This family of functions allows the user to explore, import, and
leverage the contents of data requirements files. Supported files types are
Excel files (xlsx, xls, xlsm) and Word files (docx only). Note that sheets
= NULL
must be used to include docx files in searches.
read_requirements
Read the latest data requirements file.
as_requirements
Apply requirements attributes to a data frame.
available_requirements_table
Get available data requirements files. Returns a
tibble
including available data requirements paths and other information.
Usage
read_requirements(
path = ".",
pattern = "req",
sheet = "specs",
docx_header_pattern = NULL,
date_format = c("ymd", "mdy", "dmy"),
subset = NULL,
variable_name_col = "variable_name",
variable_label_col = "variable_label",
decode_col = "format_decode",
make_clean_names_fn = janitor::make_clean_names,
...
)
as_requirements(
.data,
variable_name_col = "variable_name",
variable_label_col = "variable_label",
decode_col = "format_decode"
)
available_requirements_table(
path = ".",
pattern = "req",
sheet = "specs",
date_format = c("ymd", "mdy", "dmy"),
drop_qc = TRUE
)
Arguments
- path
a single directory path or the path to a data requirements file.
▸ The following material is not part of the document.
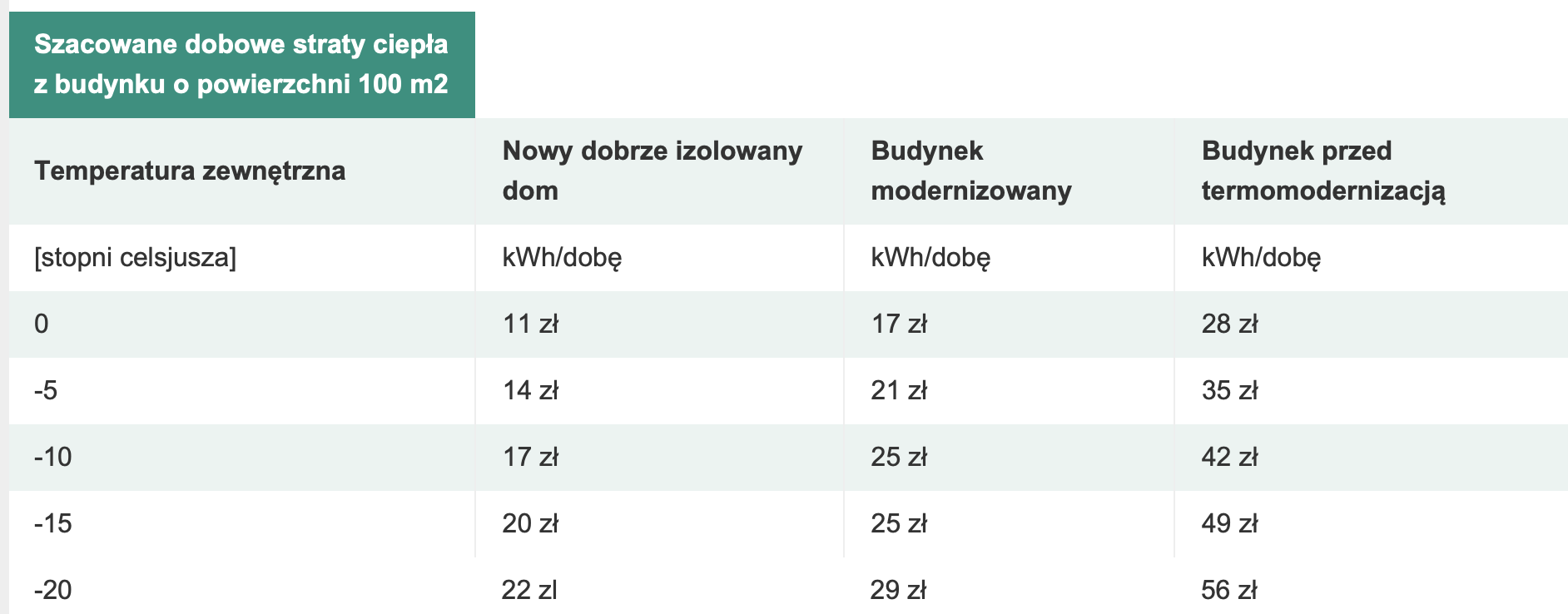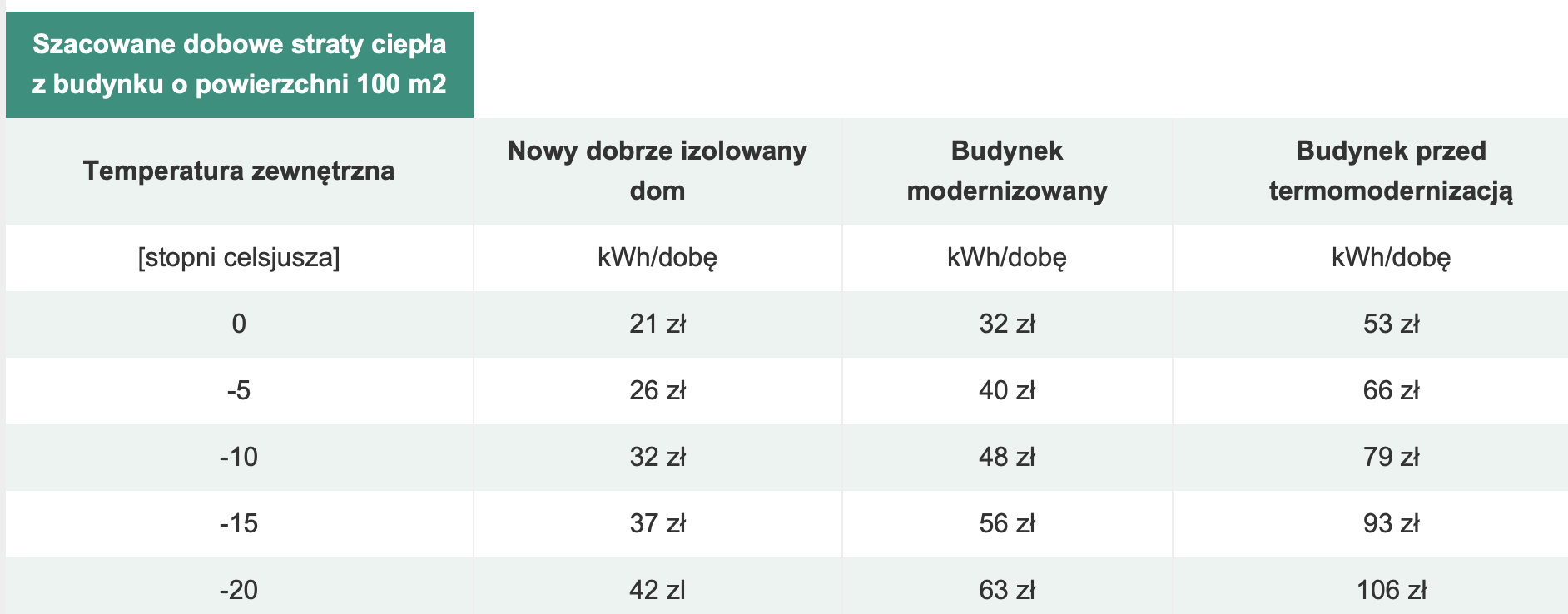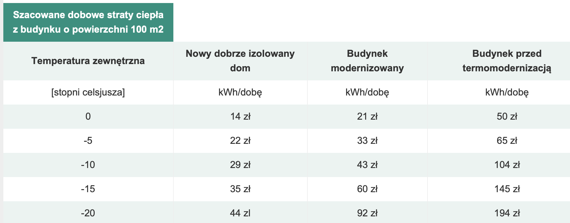 Aktualnie 1 kWh energii elektrycznej z uwzględnieniem opłat dystrybucyjnych kosztuje ok. 1 zł brutto. Przy temperaturze zewnętrznej –10°C ogrzewanie nowego domu to wydatek rzędu 72 zł na dobę, natomiast w budynku o słabej izolacji nawet 180 zł dziennie lub więcej.

For
read_requirements
, providing a directory path will result in the latest matching data requirements file being selected, while providing a file path will result in that file being selected. Defaults to the working directory.- pattern
character
string containing a regular expression. Only file names which match the regular expression will be returned. Defaults to"req"
.- sheet
either a
character
vector of required Excel sheet name(s), thenumeric
index of the sheet position, orNULL
(for no required sheet names, and to include docx files). Only one sheet name or index should be provided toread_requirements
. Defaults to"specs"
, so `sheet = NULL` must be used to match the latest docx file.- docx_header_pattern
one or more patterns of required table header names. Can be
character
or a list containing any combination ofcharacter
,regex
, andfixed
patterns. For case-insensitive, use regex.- date_format
character
indicating the format of the date. Defaults to the year-month-day format"ymd"
.- subset
an expression that returns a logical value and is defined in the terms of the imported requirements table (like
filter
). If the expression results in an error, that error is reported as a warning and the subset is not applied. An example issubset = pk_ard == "x"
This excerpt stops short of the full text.